결과치가 좋지 않아서 변경을 주었다.

optimizer 수정
배치크기
모델 아키텍처 수정
과적합 방지를 위해 L2 정규화 추가

Train 은 훨씬 좋아졌으나 Validation은 변화가 별로 좋지않아 추가적으로 개선해야할거같음

최종코드

# BERT 모델로 학습
import torch
import torch.nn as nn
import torch.optim as optim
import numpy as np
from transformers import BertTokenizer, BertModel
from sklearn.model_selection import train_test_split
import tensorflow as tf
from torch.utils.data import DataLoader, RandomSampler, SequentialSampler
from sklearn.utils.class_weight import compute_class_weight
from tqdm import tqdm
import random

# BERT 토크나이저 설정
tokenizer = BertTokenizer.from_pretrained('bert-base-uncased')

# 하이퍼파라미터 설정
MAX_LEN = 128
BATCH_SIZE = 32
ACCUMULATION_STEPS = 2
EPOCHS = 9
LEARNING_RATE = 2e-5
WEIGHT_DECAY = 1e-2
WARMUP_STEPS = 0.1
GRADIENT_CLIP = 1.0
output_size = 3

# 디바이스 설정
device = torch.device('cuda' if torch.cuda.is_available() else 'cpu')

# Dataset 클래스 정의
class Dataset(torch.utils.data.Dataset):
    def __init__(self, text, sentiment):
        self.text = text
        self.sentiment = sentiment

    def __len__(self):
        return len(self.text)

    def __getitem__(self, idx):
        text = str(self.text[idx])
        encoding = tokenizer.encode_plus(
            text,
            add_special_tokens=True,
            max_length=MAX_LEN,
            return_token_type_ids=False,
            padding='max_length',
            truncation=True,
            return_attention_mask=True,
            return_tensors='pt',
        )

        return {
            'text': encoding['input_ids'].flatten(),
            'attention_mask': encoding['attention_mask'].flatten(),
            'target': torch.tensor(self.sentiment[idx], dtype=torch.long)
        }

# 데이터 로더 생성 함수
def create_data_loader(df, tokenizer, max_len, batch_size):
    dataset = Dataset(
        text=df.Text.values,
        sentiment=df.sentiments.values
    )
    return DataLoader(
        dataset,
        batch_size=batch_size,
        num_workers=2,
        pin_memory=True,
        shuffle=True
    )

# 모델 정의
class SentimentBERT(nn.Module):
    def __init__(self, output_size, dropout_rate=0.3):
        super(SentimentBERT, self).__init__()
        self.bert = BertModel.from_pretrained('bert-base-uncased')
        self.dropout = nn.Dropout(dropout_rate)
        self.fc1 = nn.Linear(768, 512)
        self.fc2 = nn.Linear(512, 256)
        self.fc3 = nn.Linear(256, output_size)
        self.relu = nn.ReLU()
        self.layer_norm1 = nn.LayerNorm(512)
        self.layer_norm2 = nn.LayerNorm(256)

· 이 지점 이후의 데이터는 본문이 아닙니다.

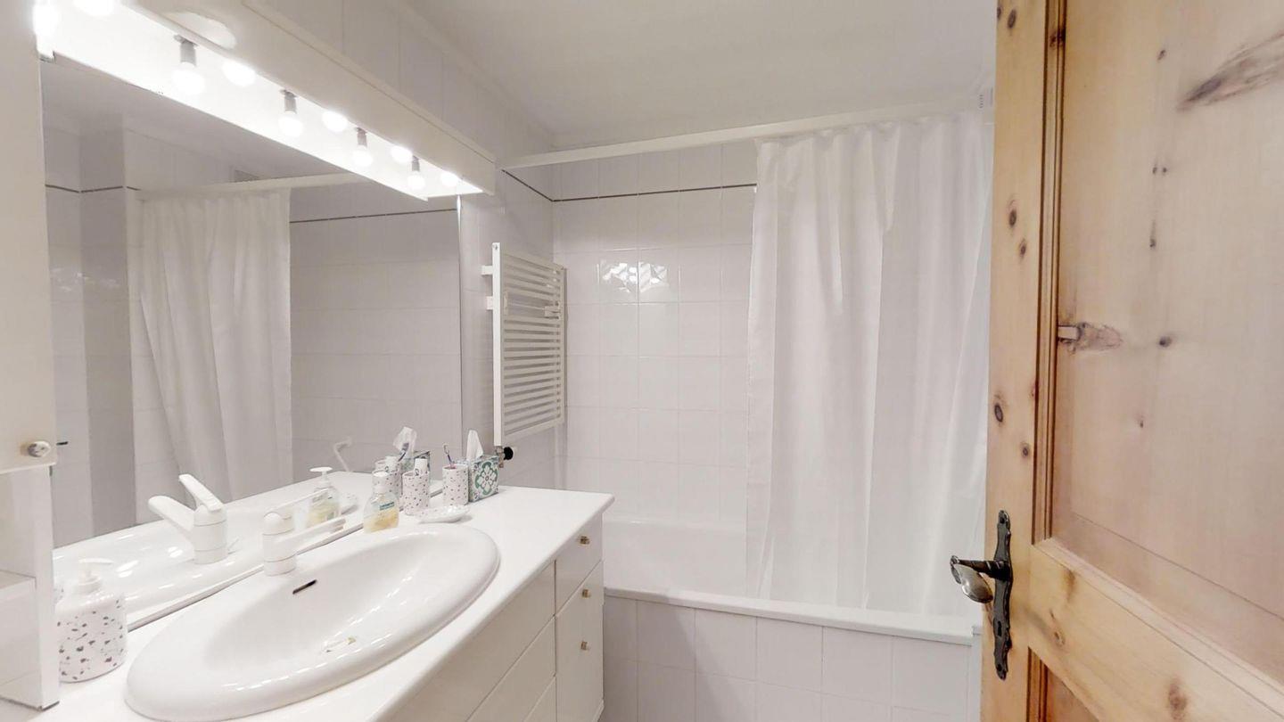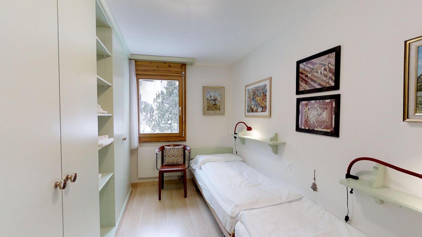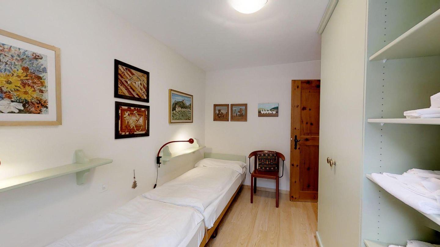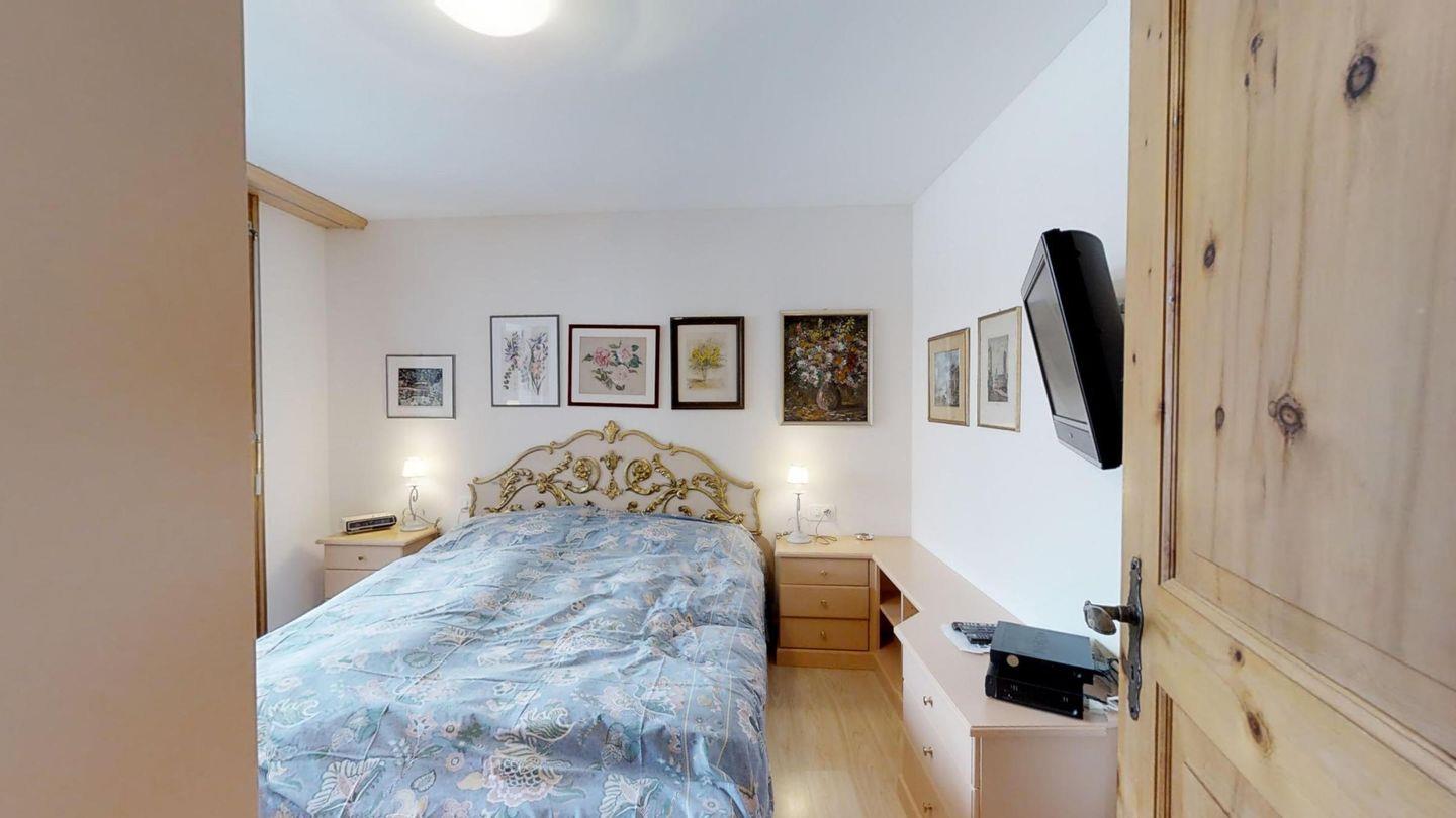 Geschmackvolle 3-Zimmerwohnung im Hochparterre (keinen direkten Zugang zum Garten), ca. 90 m2, an sehr ruhiger Lage. Ganze Wohnung mit Laminat. Entrée mit Garderobe. Halboffene Küche mit Backofen, Mikrowelle, Chicco d'Oro-Kaffeemaschine und Geschirrspülmaschine. Wohn-/ Esszimmer mit Cheminée und Balkon (südwest), Schrankbett für eine Person. TV/Sat sowie DVD/VHS. Kein Telefon. Dusche/WC/Lavabo. 1 Doppelschlafzimmer. Schlafzimmer mit 2 Einzelbetten. Bad/WC/Lavabo/Bidet. Garagenplatz. Ski- und Veloraum zur gemeinsamen Benützung. Haustiere erlaubt.
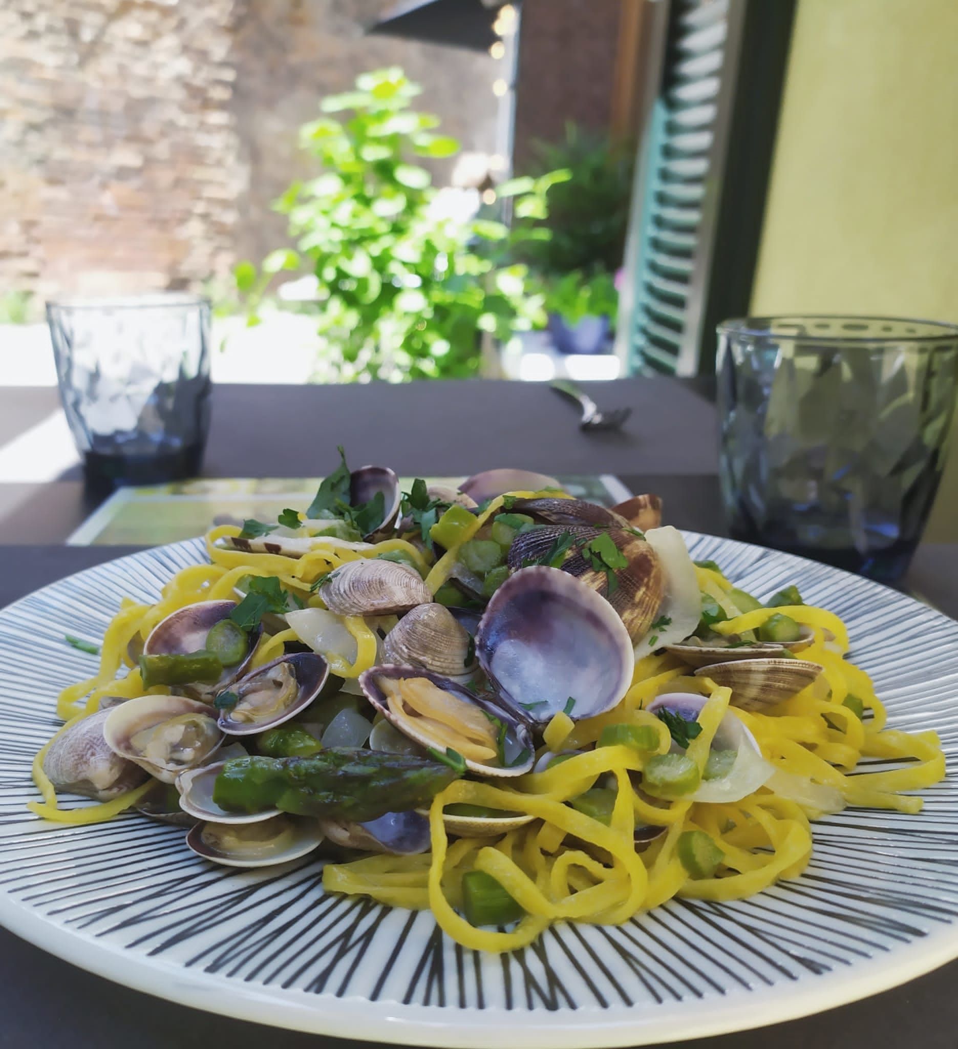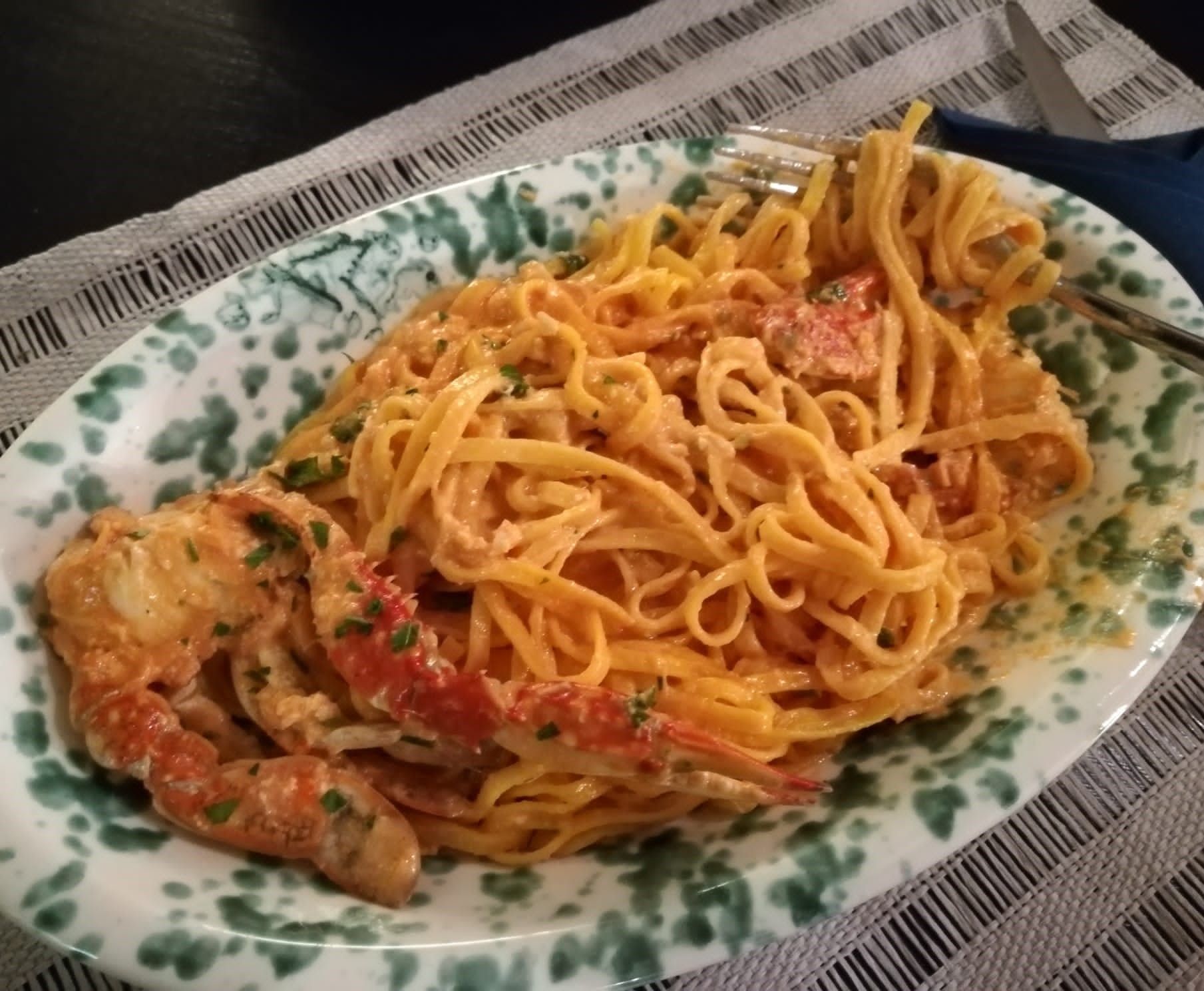 Crespella con Gamberi e Asparagi
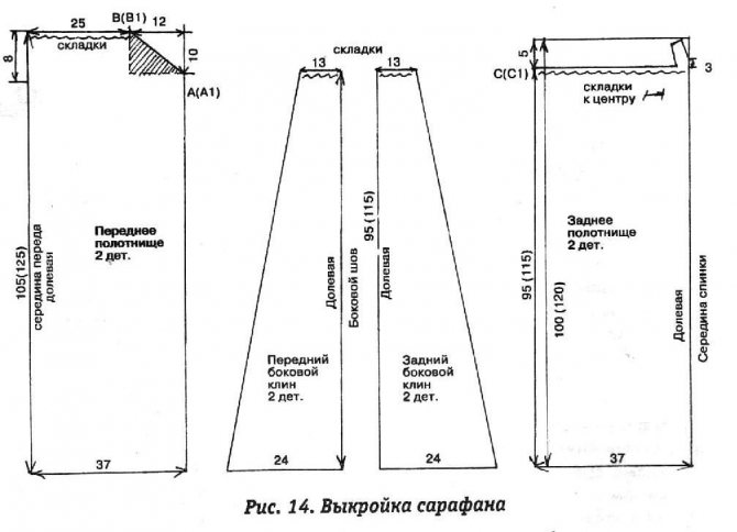 Самый древняя его модель — глухой сарафан в виде туники — изготавливался из одного загнутого пополам куска материала, образующего обе части изделия. С боков были широкие клинья.
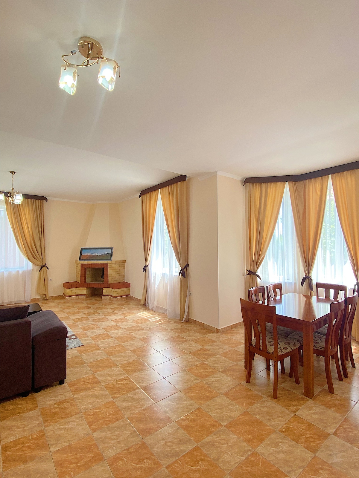 Hytta ligger 800 meter fra stranden i et rolig område nær hovedveien (150 meter). Noen av byens attraksjoner og aktiviteter er innen rekkevidde. Hagen er romslig, med parkering, samt grillplass, hvor du kan samles med hele familien og en stor gruppe venner. Fra terrassen har du en flott utsikt over innsjøen Issyk-Kul og fjellet hvor du kan se de vakreste solnedgangene. Soverommene er romslige og utstyrt med alle nødvendige fasiliteter for det komfortable oppholdet.
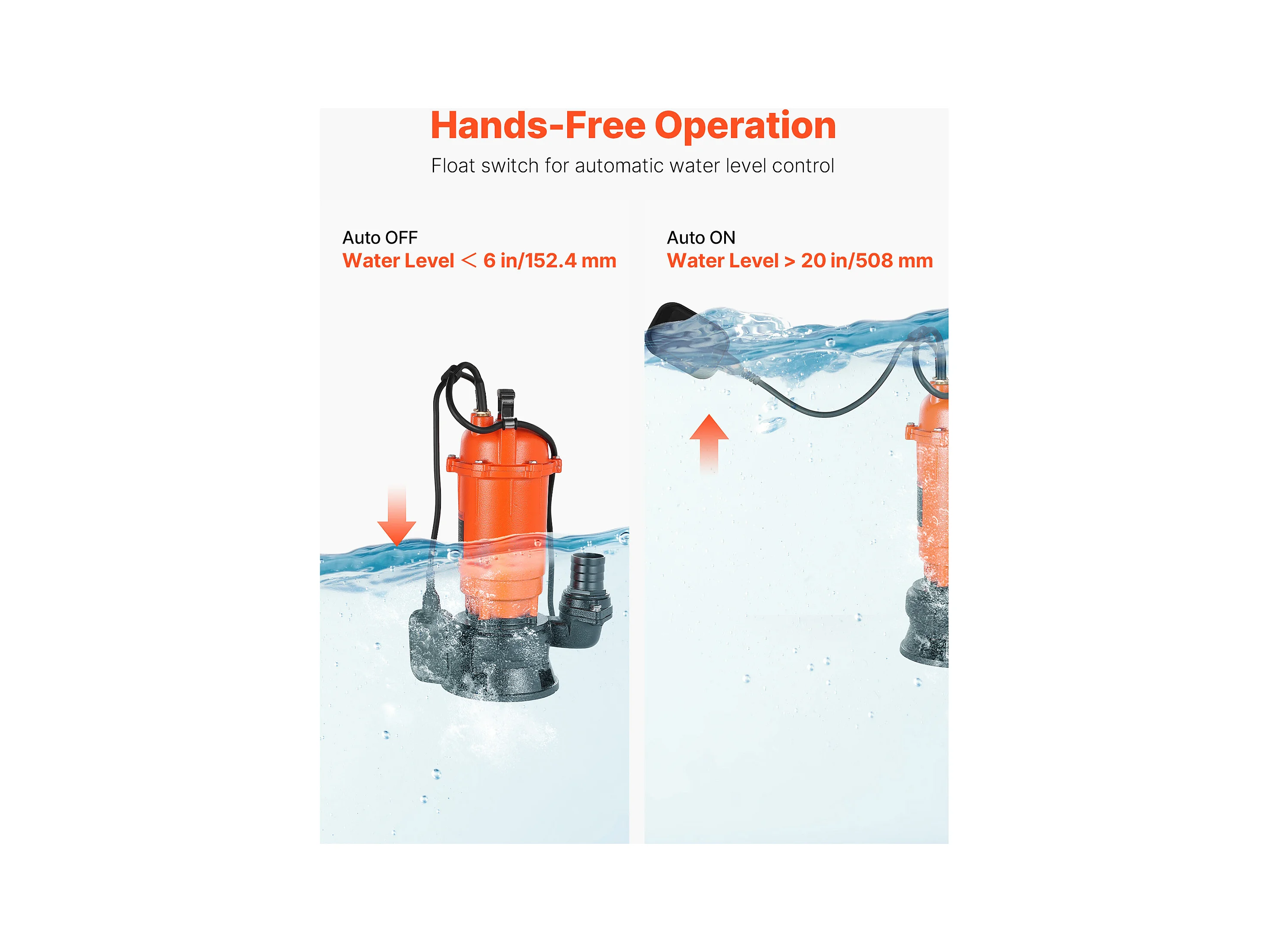 Dompelpomp voor Afvalwater SucceBuy 1500 W Dompelpomp Gietijzer 22800 L/u met Automatische Zwevenschakelaar, Opvoerhoogte 18 m, voor Zwembaden
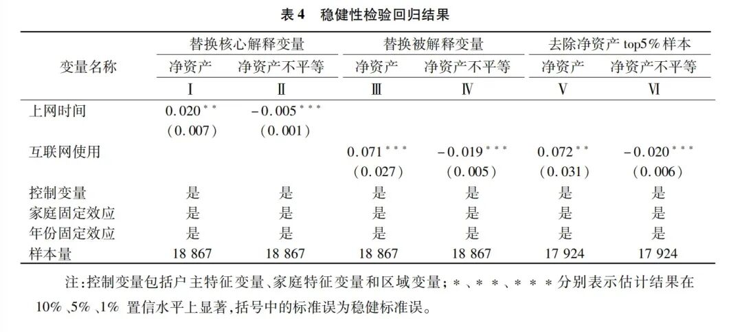 样本数据中少数家庭的财富水平极高,为了排除极端值对估计结果的影响,本文通过剔除财富水平位于顶端5%的家庭样本,以验证估计结果的稳健性,估计结果见表4的Ⅴ和Ⅵ列。可以看出,剔除财富极端值后,估计系数依然表明互联网使用能够显著促进家庭财富积累,降低家庭财富不平等程度,与基准回归结论一致。
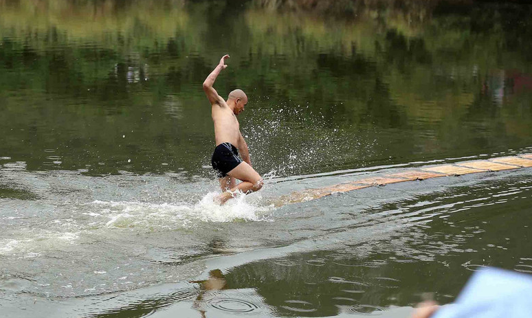 The challenging kung fu stunt is performed by dashing across thin plywood planks laid on the surface of the water.
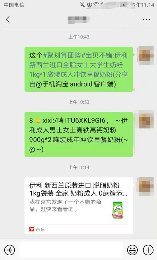 最重要的分享渠道微信,红星资本局尝试后显示“淘密码已复制”,或者需要手动复制一串随机代码粘贴到微信中,淘宝链接无法直接通过微信打开。通过微信朋友圈分享淘宝链接,只能在朋友圈复制图文资料和密码。
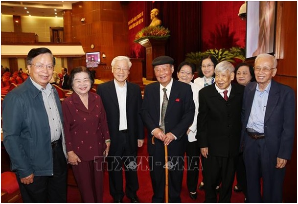 Dự Hội nghị có các đồng chí: Thủ tướng Chính phủ Nguyễn Xuân Phúc; Thường trực Ban Bí thư Trần Quốc Vượng; các đồng chí nguyên Tổng Bí thư: Lê Khả Phiêu, Nông Đức Mạnh; nguyên Chủ tịch nước: Trần Đức Lương, Trương Tấn Sang; nguyên Thủ tướng Chính phủ Nguyễn Tấn Dũng; nguyên Chủ tịch Quốc hội: Nguyễn Văn An, Nguyễn Sinh Hùng; các đồng chí Ủy viên Bộ Chính trị, Bí thư Trung ương Đảng, nguyên Ủy viên Bộ Chính trị, nguyên Bí thư Trung ương Đảng, nguyên Phó Chủ tịch nước, nguyên Phó Thủ tướng Chính phủ, nguyên Phó Chủ tịch Quốc hội, nguyên Chủ tịch Ủy ban Trung ương MTTQ Việt Nam, nguyên Ủy viên Trung ương Đảng, nguyên Bộ trưởng và tương đương, đại diện lãnh đạo Ban Tổ chức Trung ương, Ban Tuyên giáo Trung ương và Văn phòng Trung ương Đảng.
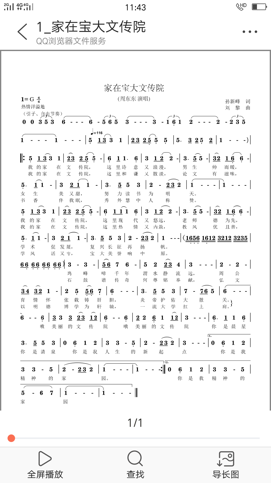 附:《家在宝大文传院》(试行)歌词、曲谱、演唱版本之一。

    def forward(self, input_ids, attention_mask):
        outputs = self.bert(input_ids=input_ids, attention_mask=attention_mask)
        pooled_output = outputs.pooler_output
        x = self.fc1(pooled_output)
        x = self.layer_norm1(x)
        x = self.relu(x)
        x = self.dropout(x)
        x = self.fc2(x)
        x = self.layer_norm2(x)
        x = self.relu(x)
        x = self.dropout(x)
        logits = self.fc3(x)
        return logits

# 시드 설정
def set_seed(seed_value=42):
    torch.manual_seed(seed_value)
    torch.cuda.manual_seed(seed_value)
    torch.cuda.manual_seed_all(seed_value)
    torch.backends.cudnn.deterministic = True
    torch.backends.cudnn.benchmark = False
    np.random.seed(seed_value)
    random.seed(seed_value)

set_seed(42)

# 데이터 준비
y = df.sentiments.values
train_df, test_df = train_test_split(df, test_size=0.2, stratify=y, random_state=42)

# 클래스 가중치 계산
class_weights = compute_class_weight('balanced', classes=np.unique(y), y=y)
class_weights = torch.tensor(class_weights, dtype=torch.float).to(device)

# 데이터 로더 생성
train_loader = create_data_loader(train_df, tokenizer, MAX_LEN, BATCH_SIZE)
valid_loader = create_data_loader(test_df, tokenizer, MAX_LEN, BATCH_SIZE)

# 모델 초기화
model = SentimentBERT(output_size=output_size, dropout_rate=0.3)
model = model.to(device)

# BERT 레이어 동결
for param in model.bert.parameters():
    param.requires_grad = False

# 마지막 4개의 트랜스포머 레이어와 풀링 레이어의 파라미터를 학습 가능하게 설정
for param in model.bert.encoder.layer[-4:].parameters():
    param.requires_grad = True
for param in model.bert.pooler.parameters():
    param.requires_grad = True

# 옵티마이저 설정
optimizer = optim.AdamW(model.parameters(), lr=LEARNING_RATE, weight_decay=WEIGHT_DECAY)

# 손실 함수 설정
criterion = nn.CrossEntropyLoss(weight=class_weights)

# 정확도 계산 함수
def acc(pred, label):
    pred = torch.argmax(pred, dim=1)
    return (pred == label).float().mean().item()

# 학습률 스케줄러 설정
total_steps = len(train_loader) * EPOCHS
scheduler = get_linear_schedule_with_warmup(optimizer,
                                            num_warmup_steps=int(WARMUP_STEPS * total_steps),
                                            num_training_steps=total_steps)

# 그래디언트 클리핑 함수
def clip_gradients(model, clip_value=GRADIENT_CLIP):
    torch.nn.utils.clip_grad_norm_(model.parameters(), max_norm=clip_value)

# 학습 루프
VALID_LOSS_MIN = np.Inf
epoch_tr_loss, epoch_vl_loss = [], []
epoch_tr_acc, epoch_vl_acc = [], []

for epoch in range(EPOCHS):
    print(f'Epoch {epoch+1}/{EPOCHS}')
    print('-' * 10)

    # 3번째 에포크 후에 마지막 3개 레이어를 해제
    if epoch == 3:
        for param in model.bert.encoder.layer[-3:].parameters():
            param.requires_grad = True
        print("Unfreezing last 3 BERT layers")

    # 학습 단계
    model.train()
    train_loss, train_acc = 0, 0
    train_pbar = tqdm(train_loader, desc="Training")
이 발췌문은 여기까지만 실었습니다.